For many months, a team of biologists from the Salk Institute have been using SkyPilot to conduct research on the cloud on a daily basis.

In this guest user post, Dr. Hanqing Liu from the Ecker Lab shares their experiences. Cross-posted from the original post on Medium.

Modern genomic technologies generate vast amounts of data that necessitate significant computational resources for processing. Although cloud platforms are ideally suited to manage such immense computational demands, they remain underutilized in the biology field. This disparity primarily stems from the limited understanding of cloud technology and the daunting initial learning curve associated with setting up a cloud environment. Fortunately, several months ago, we at Salk Institute’s Ecker Lab added the open-source SkyPilot library from UC Berkeley to our toolkit. With SkyPilot’s assistance, we swiftly adapted our workflow to analyze extensive single-cell whole mouse brain atlas datasets entirely on the cloud.

In this post, we will describe why and how we completed this large genomic project using the cloud and SkyPilot. By the end of the post, other biologists and bioinformaticians should be able to understand the benefits of our cloud-based approach, as well as use the concrete examples we give to easily start using the cloud for their own research.

Background: Building a detailed parts list for an entire mammalian brain.

The brain is one of the most complex structures in the known universe. With each human brain comprising billions of cells wiring through trillions of synapses, the question arises: how can neuroscientists efficiently unravel the immense complexity of brain cells? A potential answer lies in the revolutionary single-cell technologies, which have empowered the development of cell atlases for entire organs, akin to a detailed parts list for a sophisticated machine.

In our recent bioRxiv preprint (Fig. 1), we presented a cutting-edge single-cell genomic dataset encompassing the entire mouse brain, a widely used animal model for investigating the fundamental principles of mammalian neural systems.
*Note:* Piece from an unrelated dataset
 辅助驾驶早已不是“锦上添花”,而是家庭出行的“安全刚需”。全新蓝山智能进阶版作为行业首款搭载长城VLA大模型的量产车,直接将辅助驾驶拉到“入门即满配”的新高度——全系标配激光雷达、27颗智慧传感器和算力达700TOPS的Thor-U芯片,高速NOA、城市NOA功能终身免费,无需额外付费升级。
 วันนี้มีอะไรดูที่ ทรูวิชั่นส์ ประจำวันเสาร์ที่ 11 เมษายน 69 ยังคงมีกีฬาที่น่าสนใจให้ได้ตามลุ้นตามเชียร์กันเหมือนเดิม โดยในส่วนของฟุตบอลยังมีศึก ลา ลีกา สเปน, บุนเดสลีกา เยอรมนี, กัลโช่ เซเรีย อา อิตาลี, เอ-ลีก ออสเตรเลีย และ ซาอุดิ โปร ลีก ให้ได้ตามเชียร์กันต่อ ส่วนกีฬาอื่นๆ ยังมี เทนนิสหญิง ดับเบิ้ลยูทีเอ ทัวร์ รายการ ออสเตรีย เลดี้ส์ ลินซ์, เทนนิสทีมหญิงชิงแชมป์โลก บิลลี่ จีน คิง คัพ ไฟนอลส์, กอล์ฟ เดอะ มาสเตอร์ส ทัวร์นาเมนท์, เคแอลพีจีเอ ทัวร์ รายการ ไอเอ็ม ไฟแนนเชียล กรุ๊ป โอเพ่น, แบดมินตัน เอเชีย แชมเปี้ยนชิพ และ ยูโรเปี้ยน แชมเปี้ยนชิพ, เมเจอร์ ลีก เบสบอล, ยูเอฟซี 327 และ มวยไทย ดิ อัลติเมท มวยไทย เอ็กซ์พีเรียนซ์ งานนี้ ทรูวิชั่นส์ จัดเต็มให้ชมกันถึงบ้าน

This study comprises multiple datasets containing over 10,000,000 in-depth single-cell profiles (generated by us and other collaborators) associated with various molecular modalities crucial to brain function, such as RNA, DNA modification, and the 3D structure of DNA. Each included dataset involves the generation of hundreds of TBs of sequencing data.

Figure 1. Summary of the whole mouse brain single-cell atlas project. See our preprint for more details.
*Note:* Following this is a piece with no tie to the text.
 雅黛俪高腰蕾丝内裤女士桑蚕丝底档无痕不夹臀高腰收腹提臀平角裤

General Cloud Workflow with SkyPilot

Although comprehensive biological analyses are beyond the scope of this blog post and are detailed in our preprint, we will concentrate on outlining a daily workflow for all our investigations. Our general workflow comprises four parts, each mapped to an out-of-the-box concept in SkyPilot:

  1. Resources: Find an appropriate computational resource on a certain region and cloud;
  2. Data (file_mounts): Read/write tons of data, existing code, and genome reference files from/to cloud object storage buckets;
  3. Setup: Install dozens of bioinformatic packages;
  4. Run: Start a Jupyter server for interactive explorations or run a Snakemake (a popular bioinformatic pipeline package) command for batch pipelines.
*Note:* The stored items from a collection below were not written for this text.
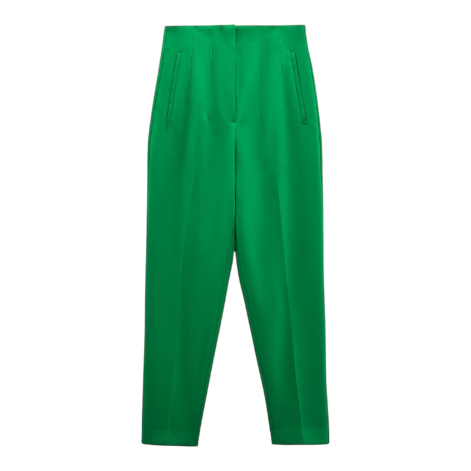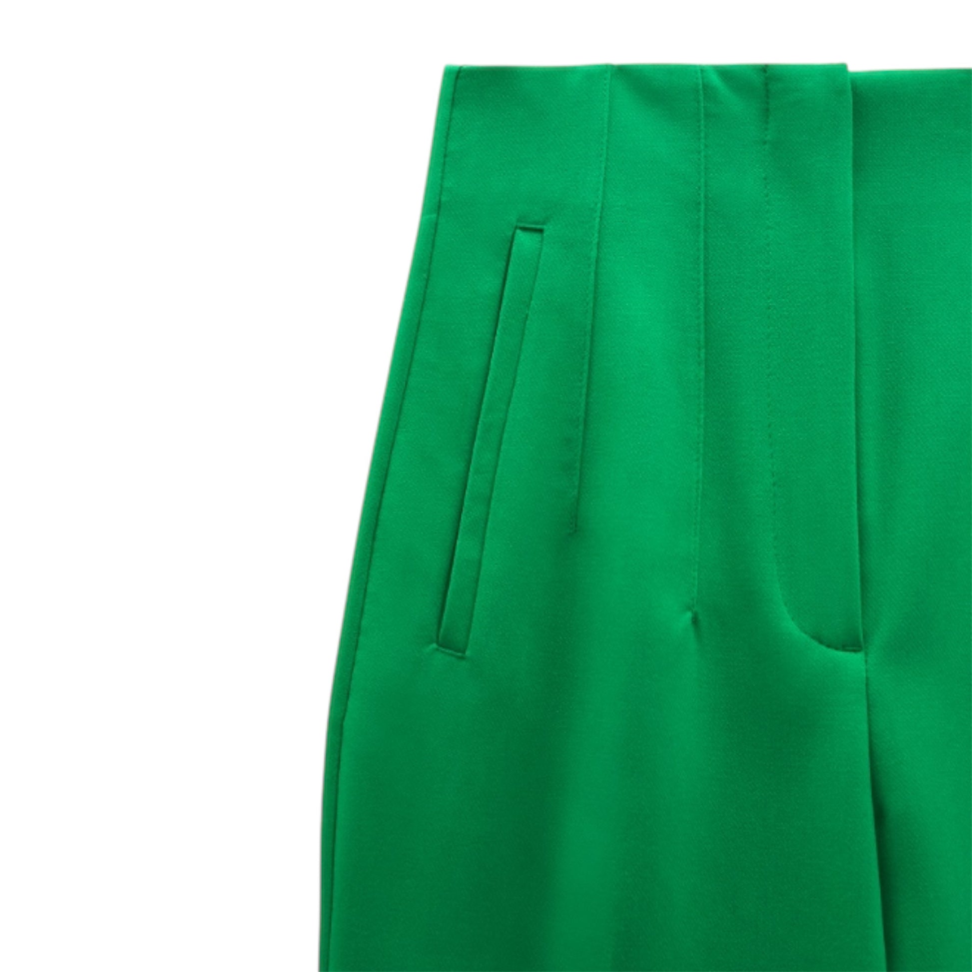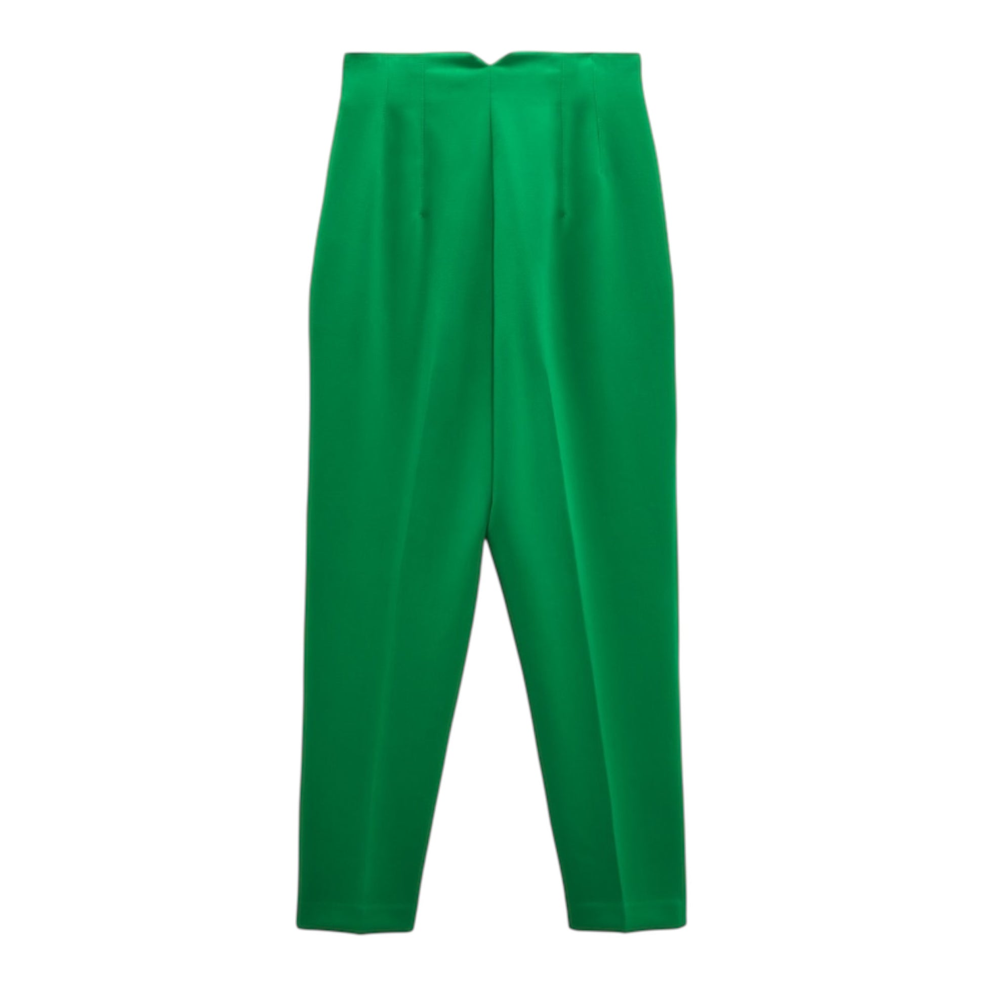 HIGH WAISTED PANTS WITH PRONOUNCED SEAMS AT FRONT AND BACK. FRONT WELT POCKETS. FRONT ZIP, METAL HOOK, AND INSIDE BUTTON CLOSURE.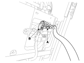 Отсоедините главный разъем (А), разъем боковой подушки безопасности (В), разъем замка переднего ремня безопасности (С).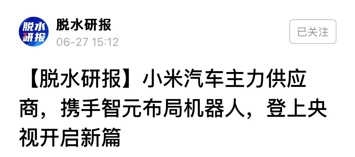 我在【脱水研报】栏目分享的宁波华翔,就是合作智元机器人的,今天直接一字板涨停。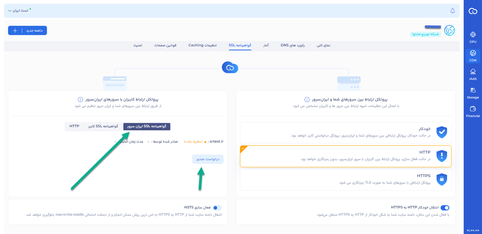 پس از تغییر NS ها، وارد صفحه مدیریت CDN بشوید و روی گزینه گواهینامه SSL کلیک کنید.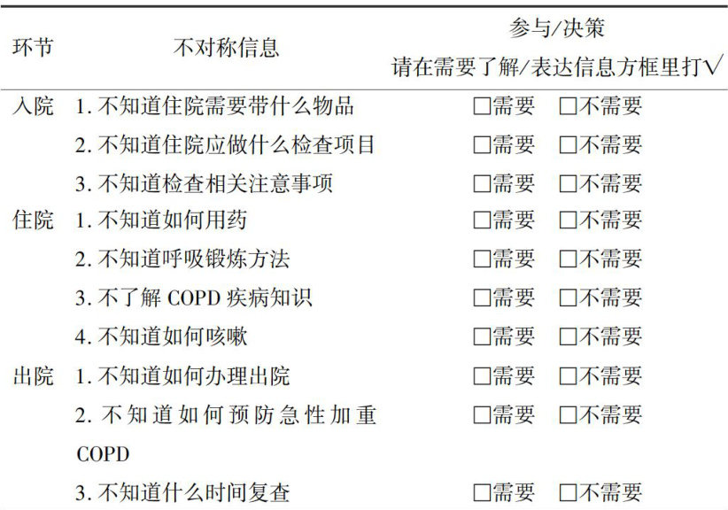 【摘要】目的:探讨信息不对称理论下共同决策护理在慢性阻塞性肺疾病(COPD)患者中的应用效果。方法:选取2020年5月—2022年5月收治的103例COPD患者,按照随机数字表法分为对照组51例和观察组52例,分别给予常规护理、常规护理 + 信息不对称理论下共同决策护理;比较两组遵医行为、干预前后肺功能[包括第1秒用力呼气容积( FEV1 )、 FEV1 /用力肺活量( FEV1/FVC )、呼气峰流速(PEF)、最大呼气中段平均流量(MMEF)]、自我管理能力、生活质量[采用圣乔治呼吸问卷(SGRQ)]、负性情绪[采用焦虑自评量表(SAS)、抑郁自评量表(SDS)]及护理满意度。结果;观察组遵医行为优良率高于对照组( (P<0.01) ;干预后,两组PEF、 FEV1 、MMEF、 FEV1 /FVC水平、自我管理能力各维度评分及总分均高于干预前( P<0.05 ),且观察组高于对照组( P<0.05) ;干预后,两组SDS、SAS评分及SGRQ各维度评分均低于干预前( P<0.05. ),且观察组低于对照组( P<0.01 );观察组总满意度高于对照组( P<0.05. )。结论:信息不对称理论下共同决策护理应用于COPD患者,可增强其遵医行为,提高自我管理能力,从而改善患者身心状态,促进预后肺功能好转,还能提升生活质量和患者满意度。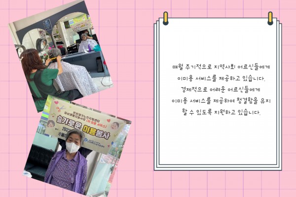 [재가노인지원서비스] 이미용 서비스 페이지 정보 작성자 은천노인복지회 작성일22-07-06 13:27 조회18,352회 댓글0건 관련링크 이전글 다음글 목록 답변 본문 6월 이미용 서비스 이전글 다음글 목록 답변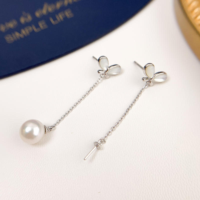 S925 Silver DIY Pearl Accessories Empty Tray Butterfly Silver Jewelry Earrings 7-10mm Beads Product Pearl Earrings Item 20878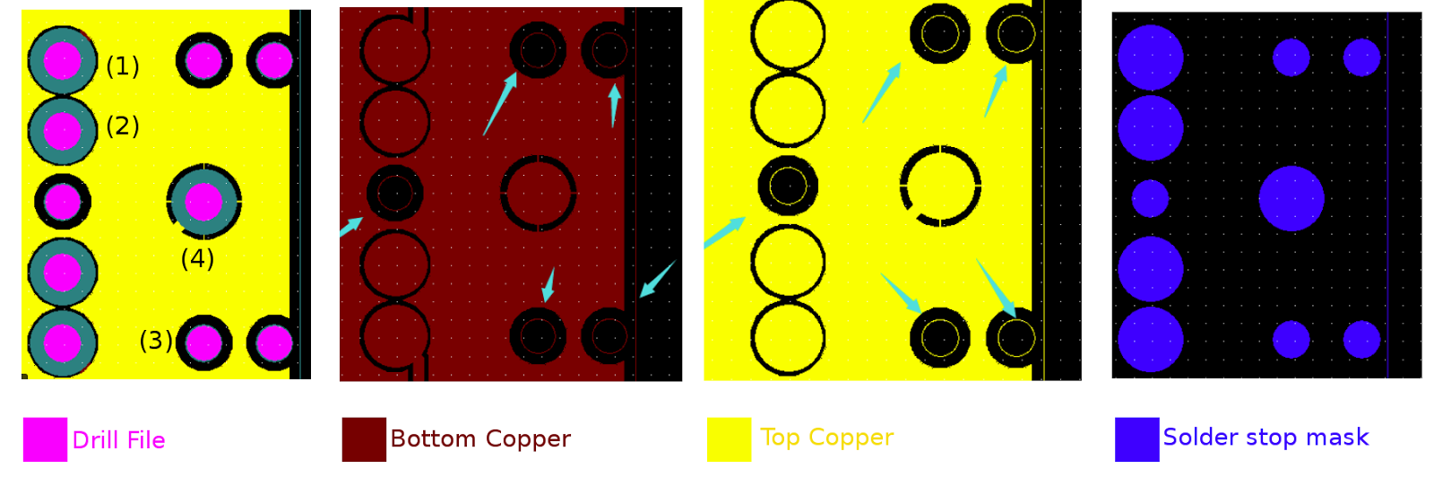 A pad’s copper overlays and is larger than the hole, but has no solder stop mask. This might confuse the manufacturer about whether it should be plated or not. Here is a real-life example:

We visualize this general process to demonstrate how SkyPilot significantly simplifies and enhances our cloud-based productivity, using a single YAML file containing 30 lines of code (Fig. 2).

One SkyPilot YAML file generates a fully reproducible data analysis environment
Figure 2. One SkyPilot YAML file generates a fully reproducible data analysis environment.

Two use cases from actual analysis

Additionally, we present two specific examples below for readers interested in the actual biological analyses being conducted. If you have not used SkyPilot before, check out the SkyPilot “installation” and “quick start” in the documentation first.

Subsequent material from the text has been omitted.